А затем к микрофону подошел Виноградов, и я, опять-таки впервые, увидел в нем не Анатолия Яковлевича, а Толика, проворного как белка, разбитного матросика, любимца команды, шутника и заводилу. Под общий хохот он вспоминал что-то из лодочного фольклора, стишки, частушки и розыгрыши военных лет. После Виноградова выступал еще кто-то, потом вернулись отдыхавшие музыканты, грянул оркестр, на танцплощадке началось очередное радение, и к нашему столу разлетелся совершенно неузнаваемый, сбросивший свою профессорскую осанку Иван Малафеевич. Извинившись, что похищает мою даму, он склонился перед Леонорой Александровной Маринеско и, когда она, улыбаясь, встала из-за стола, наклонился к моему уху и восторженно хихикнул: «Обожаю танцевать!»
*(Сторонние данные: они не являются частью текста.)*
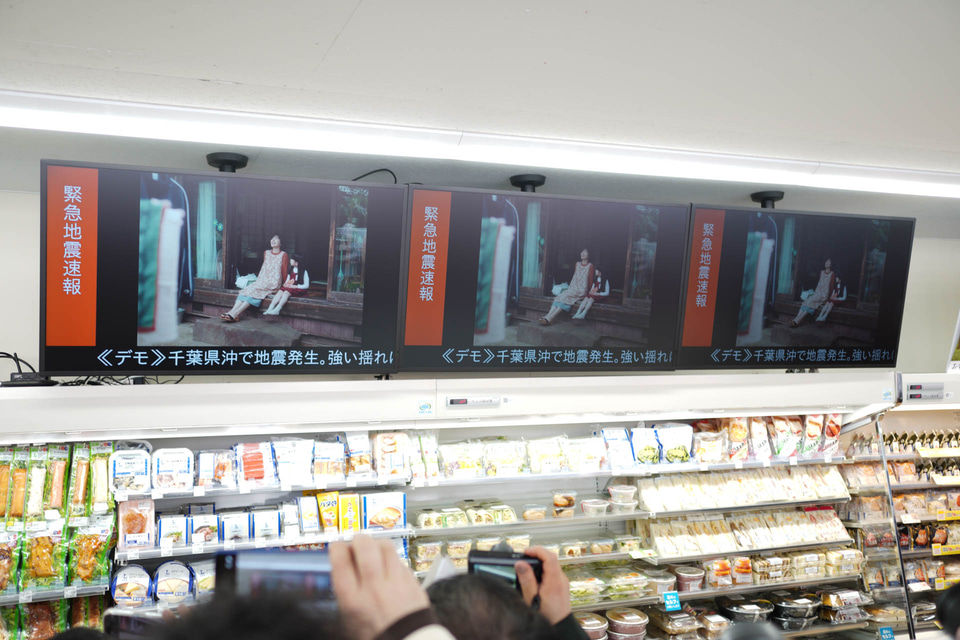 変わったところでは、店内の冷蔵ケースの上にサイネージディスプレイが天吊りされており、そこには普段はプロモーション映像などが流れているが、緊急地震速報が発報された際には、警報音とともに速報内容を表示する機能も備えている。この緊急速報は店舗スタッフが使用する業務用タブレットにも表示される。

В этот вечер помолодели все. От дорогих сердцу воспоминаний, от вновь вспыхнувшего чувства заложенной еще в молодые годы неразрывной связи. И среди этих помолодевших людей незримо витал дух молодого командира. Я подумал, что, если б за нашими столами сидели английские моряки, они обставили бы все торжественнее, — например, поставили бы для отсутствующего командира прибор и оставили пустой стул — я слышал, так делают, — но это было бы не в духе Маринеско, он не любил сидеть на месте, а предпочитал заглядывать во все отсеки корабля. Так было и в этот вечер, он присутствовал как бы за каждым столом. О нем говорили как о живом, с улыбкой вспоминали его шутки, любимые словечки, даже его суровые разносы…
Так о чем же думали эти люди в январе сорок пятого, когда, оторвавшись от преследования, легли на грунт, чтобы немного отдохнуть и навести порядок в своем хозяйстве? Только об одном. О Победе. О том, что война еще не кончилась и Победу надо добыть, завоевать. И, следовательно, надо действовать. Истрачено всего три торпеды, повреждения невелики, и лодка еще целый месяц может крейсировать на коммуникациях противника.
Маринеско готовил лодку к новым атакам.